Shapiro encoded his professional judgment into reusable instructions that AI applies consistently: how he analyses contracts, what he flags, how he structures a response. A decade of expertise, made operational by AI.

On Anthropic's radar chart, Shapiro is likely operating at several times the industry average for observed AI coverage. The gap between him and most firms isn't about access to the technology, which is available to everyone. It's that Shapiro has invested the time to learn what AI can and can't do reliably for his specific work. That learning only comes through use. He's spent enough hours with the tool to know where it's strong (drafting, formatting, first-pass analysis) and where his own judgment still has to lead (strategy, risk assessment, client relationships). That combination of deep professional expertise and hands-on AI experience is what most businesses are missing. Not one or the other, but both.

His practice is small and much of his work is transactional, which makes this easier. But the principle holds at any scale and in any business where expertise drives value. A senior practitioner who has learned where AI is strong and where their own judgment still has to lead will operate differently from one who hasn't started. They'll move faster, spend less on work that doesn't require human judgment, and make better calls about where to invest their attention. That advantage compounds over time. The practitioners who have it didn't get it from a strategy document or a vendor demo, they got it through use.

The barriers are emotional and relational

Harvard Business Review published research based on interviews with 35 CEOs, CHROs, and senior leaders across professional services, financial services, and other sectors. They found three tensions that will sound familiar to anyone leading a business right now.

First, what one executive called 'leadership FOMO': boards demanding AI updates before the organisation has worked out the problem to solve. They've heard what AI is theoretically capable of, but without hands-on experience, that knowledge creates urgency without direction.

Second, experienced professionals protecting their identity. This isn't resistance to technology. It's anxiety about what adoption implies for expertise built over decades. It explains why Shapiro's story resonated so widely. He experienced AI as amplifying his judgment, not threatening it. For most practitioners in larger organisations, it doesn't feel that way yet.

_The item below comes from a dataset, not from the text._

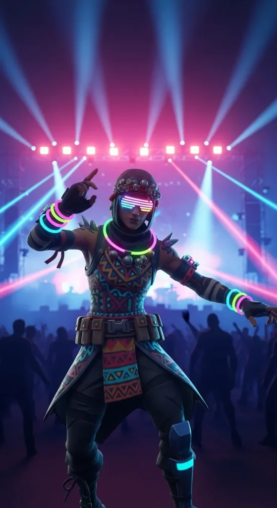 This skin would feel perfect for players who want their Fortnite character to look like the star of an underground neon dance party.

Third, no shared definition of what AI "value" looks like. When leaders lack hands-on experience, the only value framework they can reach for is the one they already know: cost savings, headcount reduction, time-to-completion. These are operational metrics being applied to problems that don't work that way.

The most practical finding was that when senior leaders used AI visibly (not perfectly, but openly) it changed the conversation from "Is this allowed?" to "Could this help with the decisions I'm making?" What shifted wasn't technical fluency. It was permission through behaviour.

What this means

The emotional barriers the HBR study identified (identity threat, contested value, leadership FOMO) aren't separate from the knowledge gap. They're caused by it. A managing partner who has never used AI to review a contract can't evaluate whether her firm's AI strategy is any good. Not because she's not smart enough, but because she has no reference points. Without them, every AI conversation gets filtered through anxiety, abstraction, or someone else's agenda.

In my experience leading AI initiatives, and in conversations with leaders thinking through AI for their own businesses, the pattern is consistent. The leaders who have spent time working directly with AI make different decisions from those who've only been briefed. Not better-informed decisions, necessarily, but more grounded ones, because they have reference points that no briefing can provide.

The Anthropic data shows the resulting gap at scale. Shapiro shows what happens when one practitioner closes it.

Most businesses are stuck not because they're resistant, and not because the technology isn't ready. They're stuck because their leaders haven't done the thing that would make everything else tractable: used AI on a real problem, formed their own view, and led from that.

That's where the adoption gap starts to close. Not with a strategy, but with experience.